Fuzzy logic-based model for predicting material removal rate and average surface roughness of machined Nimonic 80A using abrasive-mixed electro-discharge diamond surface grinding

  • Deepak Rajendra Unune
  • Mohsen Marani Barzani
  • Suhas S. Mohite
  • Harlal Singh Mali
Original Article

Abstract

In this paper, a fuzzy logic artificial intelligence technique is delineate to predict the material removal rate (MRR) and average surface roughness (R a) during abrasive-mixed electro-discharge diamond surface grinding (AMEDDSG) of Nimonic 80A. Though, Nimonic 80A superalloy is extensively used in aerospace and automotive industries due to its high corrosion, fracture toughness, oxidation, and temperature resistance characteristics, being a difficult-to-cut material, its machining is a challenging job. The hybrid machining processes like AMEDDSG can be competently used for machining of Nimonic 80A. The face-centered central composite design is used consummate the experiments and then experimental data are used to establish fuzzy logic Mamdani model to predict the MRR and R a with respect to changes in the input process parameters viz. wheel RPM, abrasive concentration, pulse current and pulse-on-time. The results of confirmation experiments reveal an agreement between the fuzzy model and experimental results with 93.89 % accuracy implying that the established fuzzy logic model can be precisely used for predicting the performance of the AMEDDSG process. An increase in wheel RPM, pulse current, and pulse-on-time from their low level to high level contributes to increased MRR by 83.89, 71.01, 17.02 %, respectively.

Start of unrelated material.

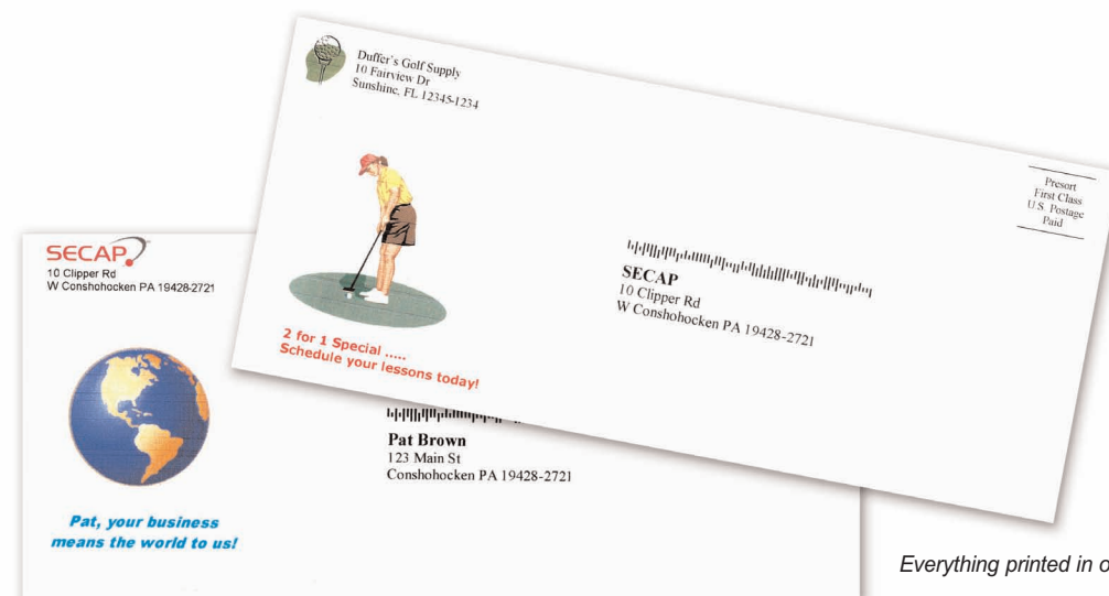
Everything printed in one pass.

Personalizing and using color on your outgoing mail just got faster and easier. With the SA3350, you can do both, making a good thing even better. Print in brilliant full color for eye-catching appeal that gets attention and makes your piece stand out in a heap of mail! Use color in your logo and graphics. Personalize using your customer's name for greater impact and effectiveness. Best of all, do all this in one pass for maximum productivity!

Also, an increase in wheel RPM contributes to reduced R a values by 5.96 %. Abrasive concentration increase from 0 to 4 g/L improves MRR by 24.03 %. The 17.10 % improvement in surface finish is achieved by increasing abrasive concentration from 0 to 8 g/L.

Keywords

Fuzzy Logic Nimonic 80A Abrasive Electro-discharge Grinding 

Abbreviations

MRR

Material removal rate

Ra

Average surface roughness

AMEDDSG

Abrasive-mixed electro-discharge diamond surface grinding

HMPs

Hybrid machining processes

EDG

Electro-discharge grinding

EDDG

Electro-discharge diamond grinding

ECDG

Electrochemical discharge grinding

ECDM

Electrochemical discharge machining

EDDCG

Electro-discharge diamond cutoff grinding

EDDFG

Electro-discharge diamond face grinding

EDDSG

Electro-discharge diamond surface grinding

EDM

Electro-discharge machining

HSS

High speed steel

WC–Co

Tungsten carbide–cobalt

ANN

Artificial neural network

ANFIS

Adaptive neuro-fuzzy system

DC

Direct current

RSM

Response surface methodology

PMDC

Permanent magnet direct current

SiC

Silicon carbide

MF

Membership function

RMSE

Root-mean-square error

VL

Very low

L

Low

M

Medium

H

High

VH

Very high

E

Excellent

G

Good

A

Average

B

Bad

R

Rough

COA

Centroid of area

IEG

Inter-electrode gap

Notes

Acknowledgments

The authors would like to thank Advanced Manufacturing and Mechatronics laboratory and Materials Research Center at Malaviya National Institute of Technology, Jaipur for providing facilities for conducting this work.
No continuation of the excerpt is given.